Return the first line of the listing below and all the lines after it through the one containing "Assessment of the", exactly, without pictures.

▶ [The data]
=======

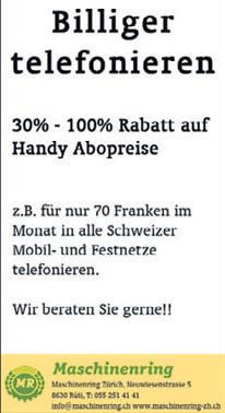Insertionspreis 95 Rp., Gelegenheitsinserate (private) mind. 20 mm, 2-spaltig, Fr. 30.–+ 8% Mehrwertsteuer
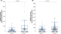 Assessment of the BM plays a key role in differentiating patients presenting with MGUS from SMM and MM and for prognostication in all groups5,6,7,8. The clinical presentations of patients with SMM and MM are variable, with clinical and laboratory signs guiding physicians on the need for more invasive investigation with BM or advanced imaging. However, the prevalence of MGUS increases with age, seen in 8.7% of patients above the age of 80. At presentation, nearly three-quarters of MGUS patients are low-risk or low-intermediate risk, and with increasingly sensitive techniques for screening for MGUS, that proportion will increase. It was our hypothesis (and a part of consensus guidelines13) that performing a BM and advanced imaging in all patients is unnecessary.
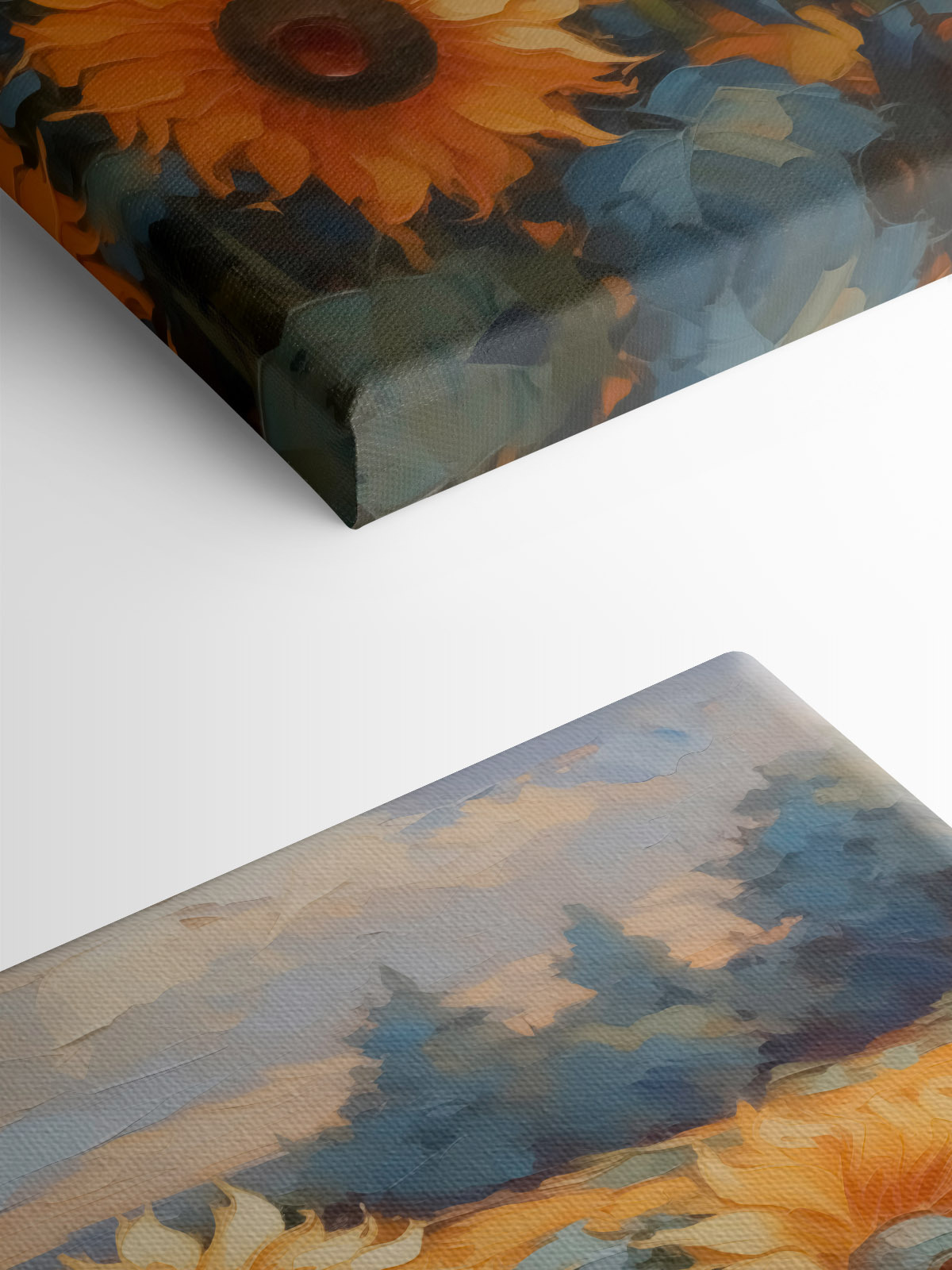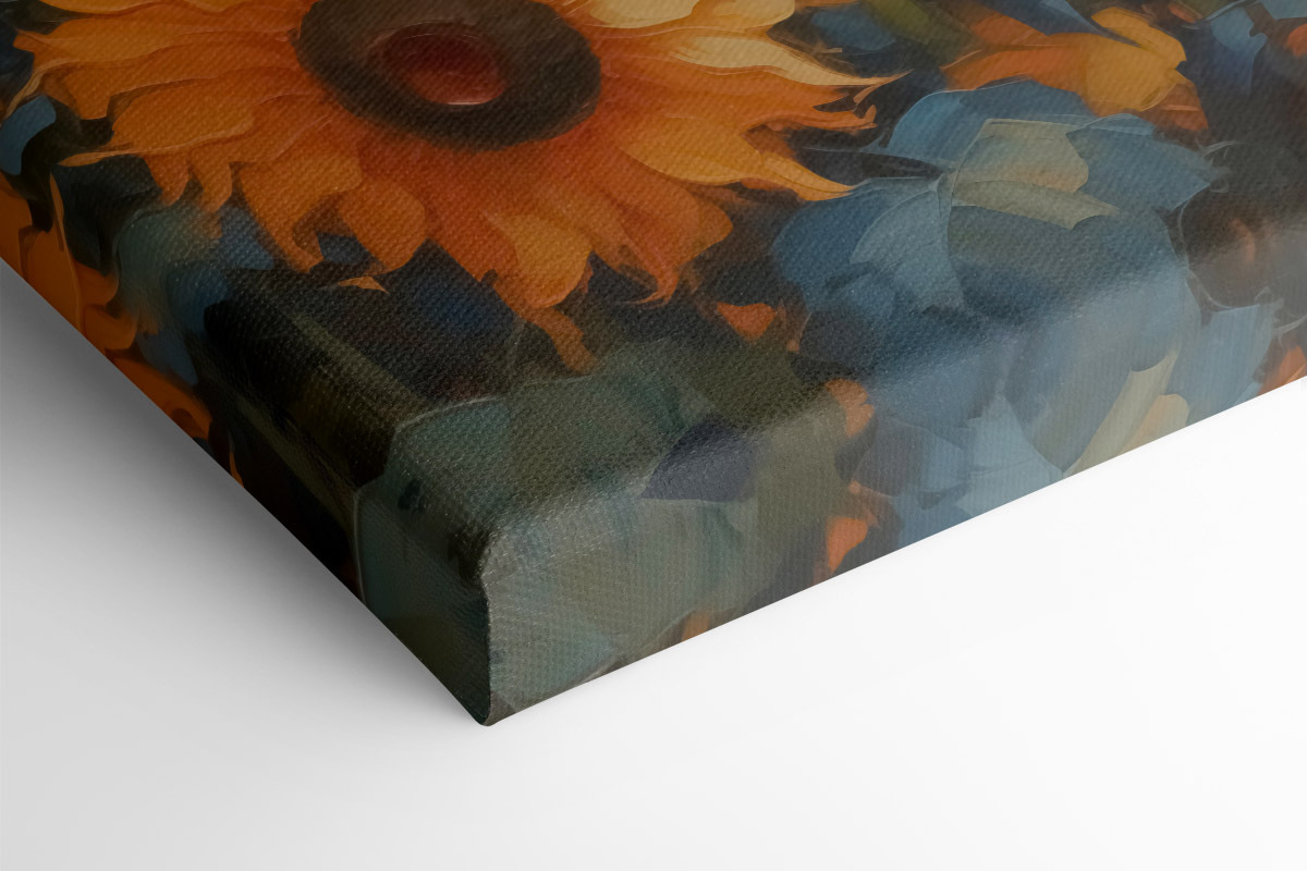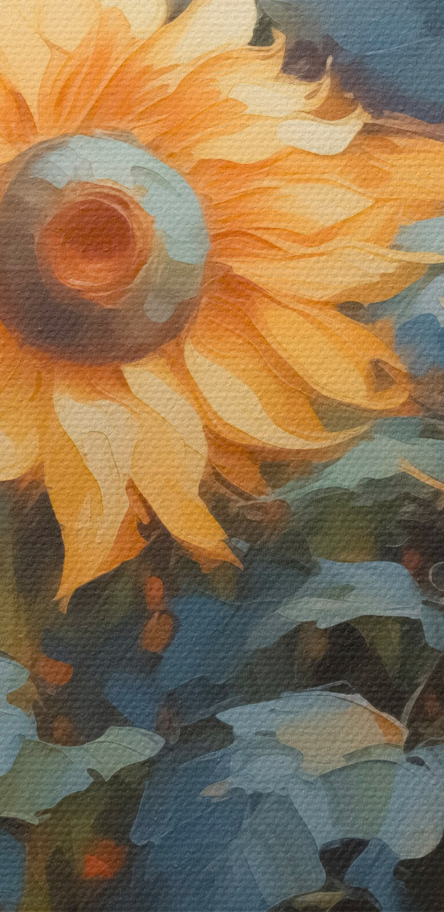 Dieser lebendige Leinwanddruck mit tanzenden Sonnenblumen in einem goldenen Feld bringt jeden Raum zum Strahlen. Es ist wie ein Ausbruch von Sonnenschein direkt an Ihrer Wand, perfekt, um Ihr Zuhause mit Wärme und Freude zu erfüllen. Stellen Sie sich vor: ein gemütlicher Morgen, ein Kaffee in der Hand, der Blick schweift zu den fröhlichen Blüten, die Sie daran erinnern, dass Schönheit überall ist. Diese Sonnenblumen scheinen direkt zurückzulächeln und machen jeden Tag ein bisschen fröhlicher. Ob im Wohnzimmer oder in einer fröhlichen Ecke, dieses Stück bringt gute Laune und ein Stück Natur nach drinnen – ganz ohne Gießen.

=======

▶ [Result of the task]
Insertionspreis 95 Rp., Gelegenheitsinserate (private) mind. 20 mm, 2-spaltig, Fr. 30.–+ 8% Mehrwertsteuer
 Assessment of the BM plays a key role in differentiating patients presenting with MGUS from SMM and MM and for prognostication in all groups5,6,7,8. The clinical presentations of patients with SMM and MM are variable, with clinical and laboratory signs guiding physicians on the need for more invasive investigation with BM or advanced imaging. However, the prevalence of MGUS increases with age, seen in 8.7% of patients above the age of 80. At presentation, nearly three-quarters of MGUS patients are low-risk or low-intermediate risk, and with increasingly sensitive techniques for screening for MGUS, that proportion will increase. It was our hypothesis (and a part of consensus guidelines13) that performing a BM and advanced imaging in all patients is unnecessary.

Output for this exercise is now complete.